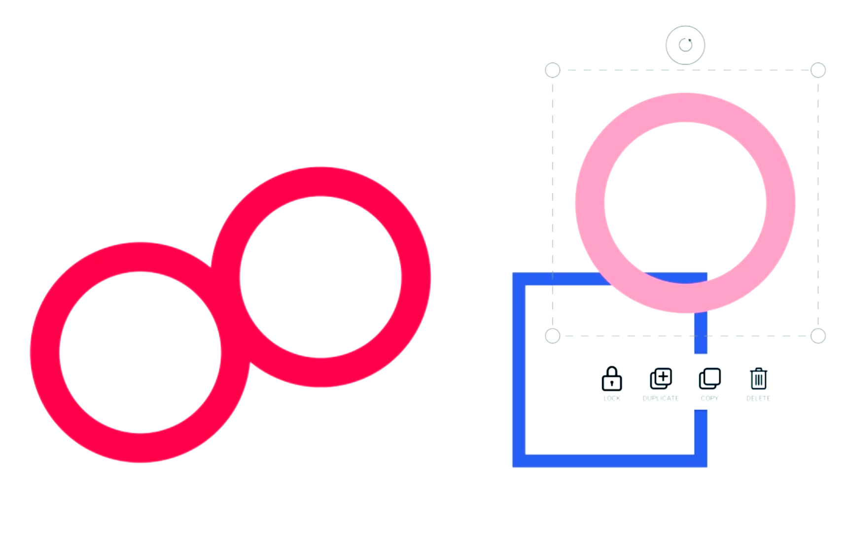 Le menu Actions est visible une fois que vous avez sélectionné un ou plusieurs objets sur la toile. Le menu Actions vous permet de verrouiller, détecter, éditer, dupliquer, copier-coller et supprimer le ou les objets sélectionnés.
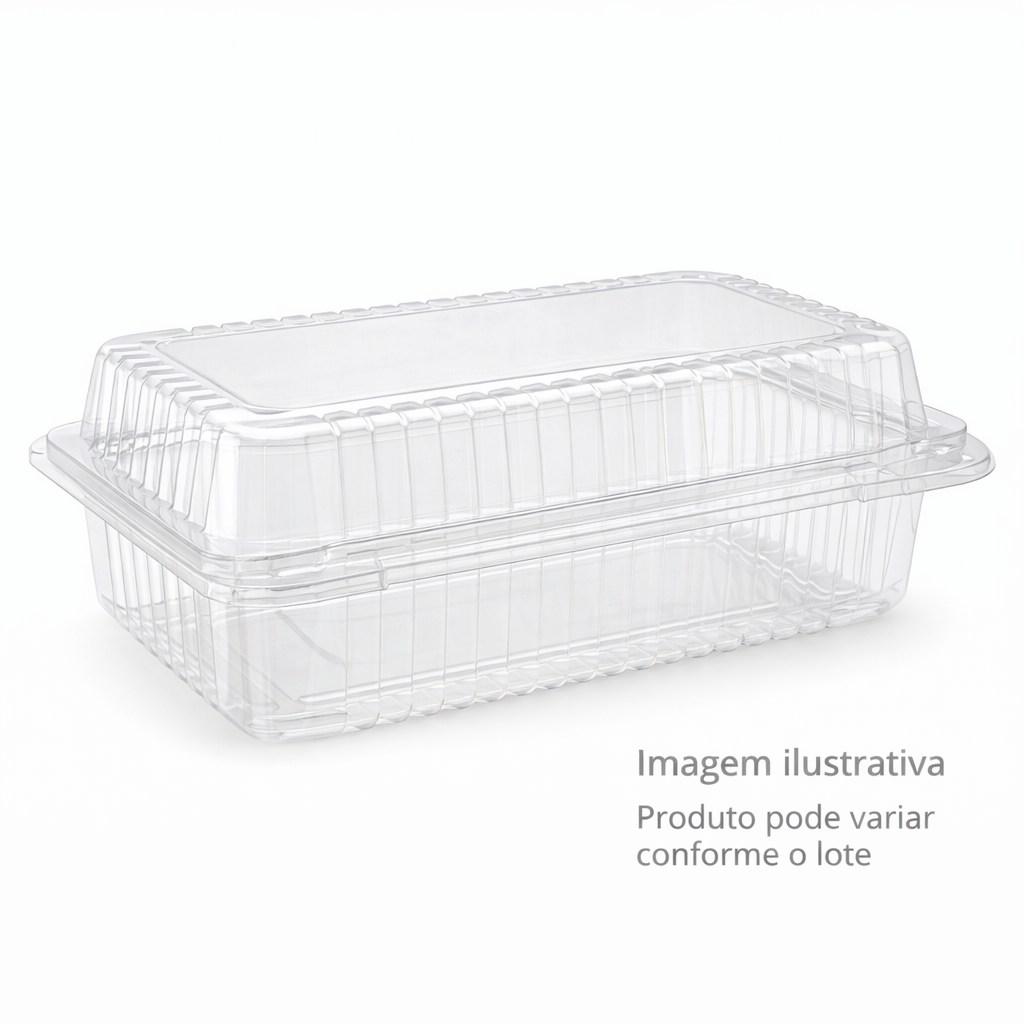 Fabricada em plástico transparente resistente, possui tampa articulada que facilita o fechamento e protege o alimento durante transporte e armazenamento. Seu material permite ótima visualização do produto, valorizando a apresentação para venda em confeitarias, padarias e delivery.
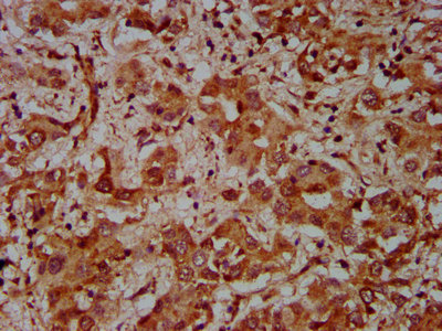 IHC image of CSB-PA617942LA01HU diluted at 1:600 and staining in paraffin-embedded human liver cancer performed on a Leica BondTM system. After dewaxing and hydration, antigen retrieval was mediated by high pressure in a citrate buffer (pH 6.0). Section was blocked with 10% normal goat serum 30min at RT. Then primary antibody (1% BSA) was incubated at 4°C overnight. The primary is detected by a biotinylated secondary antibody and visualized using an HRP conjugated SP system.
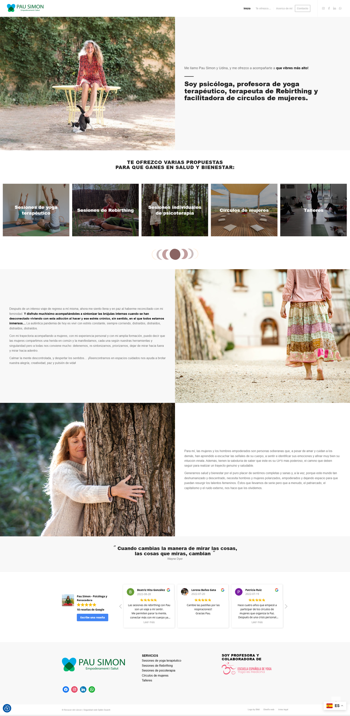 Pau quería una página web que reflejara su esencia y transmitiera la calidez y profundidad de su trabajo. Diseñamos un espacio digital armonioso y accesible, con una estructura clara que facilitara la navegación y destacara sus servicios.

____________

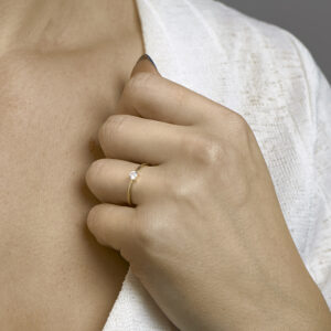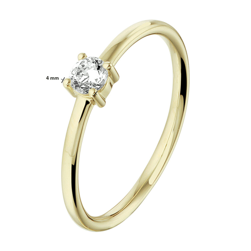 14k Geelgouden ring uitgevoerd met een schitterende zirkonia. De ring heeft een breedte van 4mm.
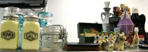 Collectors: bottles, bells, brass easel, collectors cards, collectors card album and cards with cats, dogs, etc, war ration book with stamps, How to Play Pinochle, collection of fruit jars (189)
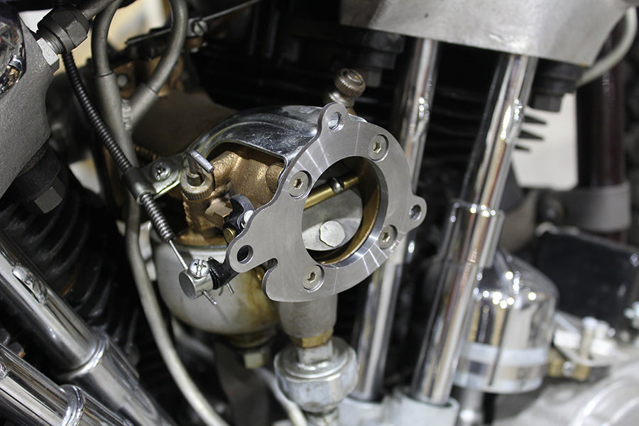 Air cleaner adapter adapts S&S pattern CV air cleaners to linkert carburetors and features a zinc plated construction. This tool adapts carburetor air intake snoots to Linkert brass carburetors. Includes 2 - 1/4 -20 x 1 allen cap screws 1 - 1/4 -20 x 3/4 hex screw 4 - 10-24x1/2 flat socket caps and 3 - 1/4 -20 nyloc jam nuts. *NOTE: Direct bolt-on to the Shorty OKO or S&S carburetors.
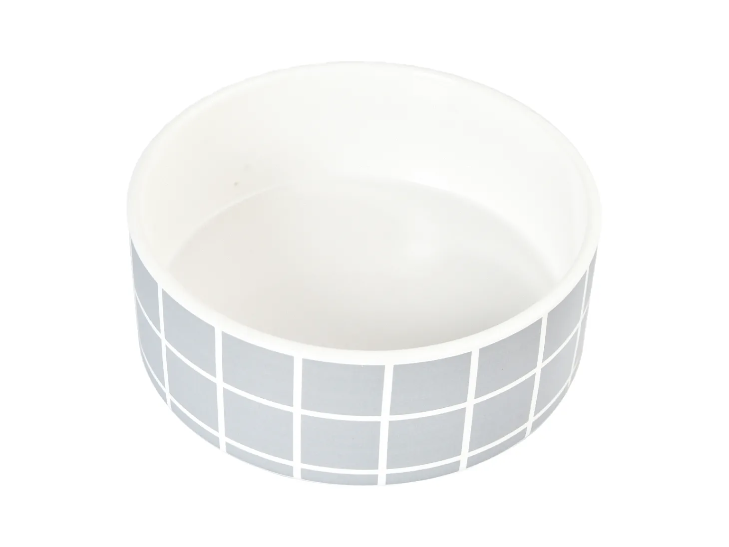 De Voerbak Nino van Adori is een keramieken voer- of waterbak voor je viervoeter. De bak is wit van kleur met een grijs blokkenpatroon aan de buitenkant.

____________

* **EXERCISE DESCRIPTION**
Reproduce the listing above from the line that holds "14k Geelgouden ring" through the line that holds "De Voerbak Nino", both included, with the pictures left out.

* **OUTPUT OF THE TASK**
 14k Geelgouden ring uitgevoerd met een schitterende zirkonia. De ring heeft een breedte van 4mm.
 Collectors: bottles, bells, brass easel, collectors cards, collectors card album and cards with cats, dogs, etc, war ration book with stamps, How to Play Pinochle, collection of fruit jars (189)
 Air cleaner adapter adapts S&S pattern CV air cleaners to linkert carburetors and features a zinc plated construction. This tool adapts carburetor air intake snoots to Linkert brass carburetors. Includes 2 - 1/4 -20 x 1 allen cap screws 1 - 1/4 -20 x 3/4 hex screw 4 - 10-24x1/2 flat socket caps and 3 - 1/4 -20 nyloc jam nuts. *NOTE: Direct bolt-on to the Shorty OKO or S&S carburetors.
 De Voerbak Nino van Adori is een keramieken voer- of waterbak voor je viervoeter. De bak is wit van kleur met een grijs blokkenpatroon aan de buitenkant.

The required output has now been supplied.